В итоге я стал молодым человеком, у которого было немало проблем. Надо сказать, что в те годы молодёжи свободы не давали: считалось, что мы недостаточно взрослые. Вообще, особого внимания юношеским проблемам не уделялось, а они остаются актуальными и по сей день. Америка сейчас бьёт рекорды по суицидам среди молодёжи 19—20 лет. Эта проблема становится всё серьёзнее и во многих других странах — из-за недостатка духовности.
Вот почему во мне проявился такой фатализм. Я сказал, что хочу отправиться на войну и увидеть всё как есть на самом низовом уровне, что не хочу никаких поблажек. И если богам (моей судьбе) угодно меня забрать, то пусть заберут. Я настроился на это испытание — и я его прошёл.
На службе я ни на что не жаловался. Дважды был ранен, много времени провёл в бою. Я сам обрёк себя на всё это, так что не жаловался. Я посчитал, что мне повезло остаться в живых. Если вы смотрели фильм «Взвод», то, наверное, помните концовку. На той войне я понял, в чём смысл моей жизни. Я решил, что буду просвещать людей, учить их добру, передавать им опыт, делиться накопленными знаниями обо всём хорошем, что есть в жизни. Над этим я и работаю — как могу. И очень горжусь тем, что задокументировал войну.

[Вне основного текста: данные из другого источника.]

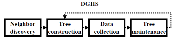 The Dynamic Gallager-Humblet-Spira (DGHS) algorithm builds and maintains a minimum spanning tree. To do so, DGHS is divided into four phases, namely neighbor discovery, tree construction, data collection, and tree maintenance (See Figure 2]. In the neighbor discovery phase, the nodes collect information about their neighbors and the link quality. DGHS defines the link quality as the average number of lost discovery packets. In the tree construction, DGHS finds the minimum spanning tree by executing GHS. In GHS, each node is a different fragment. Subsequently, pairs of fragments merge into a new one. The fragments continue to join until only one remains: the final fragment is the minimum spanning tree. However, this minimum spanning tree is not rooted at the sink. Hence, in the data collection phase, the sink roots the minimum spanning tree at itself by sending a single control message via the branches of the tree. Then, each node starts sending data packets. In the tree maintenance phase, the nodes repair the tree when communication failures occur by merging disconnected fragments. The repair mechanism is initiated by the sink and partially reruns GHS to join disconnected fragments.

— Давайте поговорим о «Полуночном экспрессе». В нашей программе активно обсуждается тюремно-промышленный комплекс. Мы часто отмечаем, что в расчёте на душу населения в США за решёткой содержится больше людей, чем при Сталине и Мао Цзэдуне. Почему «Экспресс» — не только о турецких событиях? А то вдруг господин Эрдоган посмотрит наш выпуск...
— Я ещё тогда пытался донести эту мысль, но безуспешно. Сценарий к «Полуночному экспрессу» я написал в 1978-м — спустя много лет после возвращения из Вьетнама.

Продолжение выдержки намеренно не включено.